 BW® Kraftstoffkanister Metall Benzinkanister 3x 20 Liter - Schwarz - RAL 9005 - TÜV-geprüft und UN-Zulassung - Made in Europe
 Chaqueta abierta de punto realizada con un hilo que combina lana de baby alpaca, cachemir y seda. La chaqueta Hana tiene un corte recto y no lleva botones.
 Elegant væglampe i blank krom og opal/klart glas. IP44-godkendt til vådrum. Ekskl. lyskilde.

# # # # #

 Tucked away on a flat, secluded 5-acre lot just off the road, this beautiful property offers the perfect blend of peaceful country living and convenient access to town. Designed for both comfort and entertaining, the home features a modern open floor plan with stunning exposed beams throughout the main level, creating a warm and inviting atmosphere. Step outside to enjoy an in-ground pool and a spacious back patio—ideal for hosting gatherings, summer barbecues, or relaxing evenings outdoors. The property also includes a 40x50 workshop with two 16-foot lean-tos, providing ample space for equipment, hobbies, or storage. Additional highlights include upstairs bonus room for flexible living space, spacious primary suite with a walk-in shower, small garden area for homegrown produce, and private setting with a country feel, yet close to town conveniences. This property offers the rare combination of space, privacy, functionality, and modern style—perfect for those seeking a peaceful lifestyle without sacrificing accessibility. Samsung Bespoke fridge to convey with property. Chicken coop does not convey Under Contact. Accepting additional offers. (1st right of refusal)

# # # # #

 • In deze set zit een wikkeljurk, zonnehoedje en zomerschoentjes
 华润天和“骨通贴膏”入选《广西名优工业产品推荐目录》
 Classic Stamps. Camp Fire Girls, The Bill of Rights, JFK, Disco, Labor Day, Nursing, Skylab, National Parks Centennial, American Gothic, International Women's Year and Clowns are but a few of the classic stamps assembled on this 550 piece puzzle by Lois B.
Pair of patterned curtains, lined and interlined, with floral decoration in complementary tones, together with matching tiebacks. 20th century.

# # # # #

→ What to do: Retype exactly the span of lines from the one with "Classic Stamps. Camp" through the one with "Pair of patterned"; include both ends and omit the rest of the material.

→ Answer space:
 Classic Stamps. Camp Fire Girls, The Bill of Rights, JFK, Disco, Labor Day, Nursing, Skylab, National Parks Centennial, American Gothic, International Women's Year and Clowns are but a few of the classic stamps assembled on this 550 piece puzzle by Lois B.
Pair of patterned curtains, lined and interlined, with floral decoration in complementary tones, together with matching tiebacks. 20th century.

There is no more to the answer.